# The heron house



## Mikeymutt (Jul 12, 2015)

after seeing dauntless report on here.thought I would give this place a little look myself.really enjoyed myself here.lots of old bits and bobs about,The sheds were really nice too.loved the old stuff heron in there.well I think it was a heron.


----------



## The_Derp_Lane (Jul 12, 2015)

Very nice photos, great shot of the piano.


----------



## Mikeymutt (Jul 12, 2015)

dauntless486 said:


> Very nice photos, great shot of the piano.
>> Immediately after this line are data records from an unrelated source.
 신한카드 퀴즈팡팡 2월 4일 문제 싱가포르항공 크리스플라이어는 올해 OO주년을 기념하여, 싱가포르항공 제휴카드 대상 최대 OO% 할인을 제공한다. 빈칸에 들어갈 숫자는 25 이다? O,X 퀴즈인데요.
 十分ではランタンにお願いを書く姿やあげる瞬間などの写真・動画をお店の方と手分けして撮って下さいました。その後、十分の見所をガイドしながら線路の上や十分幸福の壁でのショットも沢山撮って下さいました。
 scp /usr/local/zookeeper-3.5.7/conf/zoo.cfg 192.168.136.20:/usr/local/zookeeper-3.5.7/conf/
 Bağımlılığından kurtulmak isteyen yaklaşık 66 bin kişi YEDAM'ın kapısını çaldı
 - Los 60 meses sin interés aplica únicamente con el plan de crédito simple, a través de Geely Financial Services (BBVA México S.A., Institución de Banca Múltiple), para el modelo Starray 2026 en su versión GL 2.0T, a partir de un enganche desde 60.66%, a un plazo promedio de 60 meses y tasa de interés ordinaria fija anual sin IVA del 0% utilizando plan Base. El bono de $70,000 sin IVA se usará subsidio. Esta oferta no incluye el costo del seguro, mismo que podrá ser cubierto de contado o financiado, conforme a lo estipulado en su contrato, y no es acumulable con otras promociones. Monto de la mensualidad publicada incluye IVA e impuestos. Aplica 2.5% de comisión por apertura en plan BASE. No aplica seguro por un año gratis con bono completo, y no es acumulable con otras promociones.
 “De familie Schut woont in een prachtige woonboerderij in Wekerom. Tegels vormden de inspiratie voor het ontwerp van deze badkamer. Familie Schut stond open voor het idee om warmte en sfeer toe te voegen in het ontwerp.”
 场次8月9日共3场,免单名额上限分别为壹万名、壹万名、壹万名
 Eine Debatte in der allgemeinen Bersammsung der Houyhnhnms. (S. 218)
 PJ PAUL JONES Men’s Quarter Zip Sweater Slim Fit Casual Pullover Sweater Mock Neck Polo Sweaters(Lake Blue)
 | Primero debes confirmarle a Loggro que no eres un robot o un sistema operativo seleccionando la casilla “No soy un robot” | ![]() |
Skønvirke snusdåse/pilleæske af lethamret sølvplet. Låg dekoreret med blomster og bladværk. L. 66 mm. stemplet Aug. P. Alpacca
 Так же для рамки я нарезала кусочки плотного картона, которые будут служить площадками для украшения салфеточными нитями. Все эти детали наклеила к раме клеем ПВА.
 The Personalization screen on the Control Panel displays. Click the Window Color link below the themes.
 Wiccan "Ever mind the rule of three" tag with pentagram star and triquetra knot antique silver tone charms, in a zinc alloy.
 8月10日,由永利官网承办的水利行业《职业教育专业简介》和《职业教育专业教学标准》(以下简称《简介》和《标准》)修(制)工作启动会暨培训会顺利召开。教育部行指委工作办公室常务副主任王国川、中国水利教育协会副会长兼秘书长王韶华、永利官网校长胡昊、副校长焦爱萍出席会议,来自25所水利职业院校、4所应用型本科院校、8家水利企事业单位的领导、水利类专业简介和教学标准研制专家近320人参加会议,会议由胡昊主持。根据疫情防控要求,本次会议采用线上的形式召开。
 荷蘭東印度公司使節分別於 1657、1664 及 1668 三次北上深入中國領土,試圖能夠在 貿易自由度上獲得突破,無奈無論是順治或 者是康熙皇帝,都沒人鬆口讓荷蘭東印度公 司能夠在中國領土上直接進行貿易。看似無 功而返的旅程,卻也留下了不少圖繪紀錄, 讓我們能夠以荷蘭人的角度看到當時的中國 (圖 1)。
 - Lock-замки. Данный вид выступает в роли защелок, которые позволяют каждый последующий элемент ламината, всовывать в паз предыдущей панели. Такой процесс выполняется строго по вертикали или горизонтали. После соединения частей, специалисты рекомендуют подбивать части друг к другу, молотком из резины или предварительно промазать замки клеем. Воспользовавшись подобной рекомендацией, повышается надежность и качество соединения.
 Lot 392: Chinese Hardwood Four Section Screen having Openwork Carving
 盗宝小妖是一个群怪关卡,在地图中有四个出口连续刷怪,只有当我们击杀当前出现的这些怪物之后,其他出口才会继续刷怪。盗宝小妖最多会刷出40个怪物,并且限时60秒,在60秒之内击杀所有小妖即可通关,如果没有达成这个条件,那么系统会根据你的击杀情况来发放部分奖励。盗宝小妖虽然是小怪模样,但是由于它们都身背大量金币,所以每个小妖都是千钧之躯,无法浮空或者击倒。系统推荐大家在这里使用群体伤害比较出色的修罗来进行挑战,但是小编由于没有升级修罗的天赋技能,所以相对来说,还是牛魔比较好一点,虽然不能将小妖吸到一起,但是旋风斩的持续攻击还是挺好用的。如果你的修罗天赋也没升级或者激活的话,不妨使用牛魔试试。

Thank you..It did not smell like I thought it would so..been in worse l


----------



## The_Derp_Lane (Jul 12, 2015)

Mikeymutt said:


> Thank you..It did not smell like I thought it would so..been in worse l



Yeah, I think are many houses which smell worse than this, Only I haven't been finding them.


----------



## Rubex (Jul 12, 2015)

Amazing as always!


----------



## Mikeymutt (Jul 12, 2015)

Rubex said:


> Amazing as always!



Thank you rubex x


----------



## smiler (Jul 12, 2015)

Yeah it's a heron I reckon, I don't give much for it's chances of flying out of there unless the thieving magpies turn up. I enjoyed the the post that dauntless put up about this place, your take was well up to your usual high standard, Thanks


----------



## DirtyJigsaw (Jul 12, 2015)

Fantastic Mikey!!  Some great photos there mate


----------



## HughieD (Jul 12, 2015)

Superb set there sir...


----------



## scribe (Jul 12, 2015)

Nice bit of hdr. Enjoyed them especially the deteriorating stuffed cat. Is it a cat? Looks like it's mutating into something. Great shots.


----------



## mockingbird (Jul 13, 2015)

did the place proud mate, good job!


----------



## skankypants (Jul 13, 2015)

Fantastic!..


----------



## Mikeymutt (Jul 13, 2015)

Thank you for all the nice comments people.


----------



## acer77 (Jul 13, 2015)

Awesome post!! bit texas chainsaw maasacre ish!!!


----------



## DiggerDen (Jul 13, 2015)

Beautiful photos. That place looks amazing.


----------



## UrbanX (Jul 14, 2015)

Stunning set of images, so much left behind. 
Thanks for sharing


----------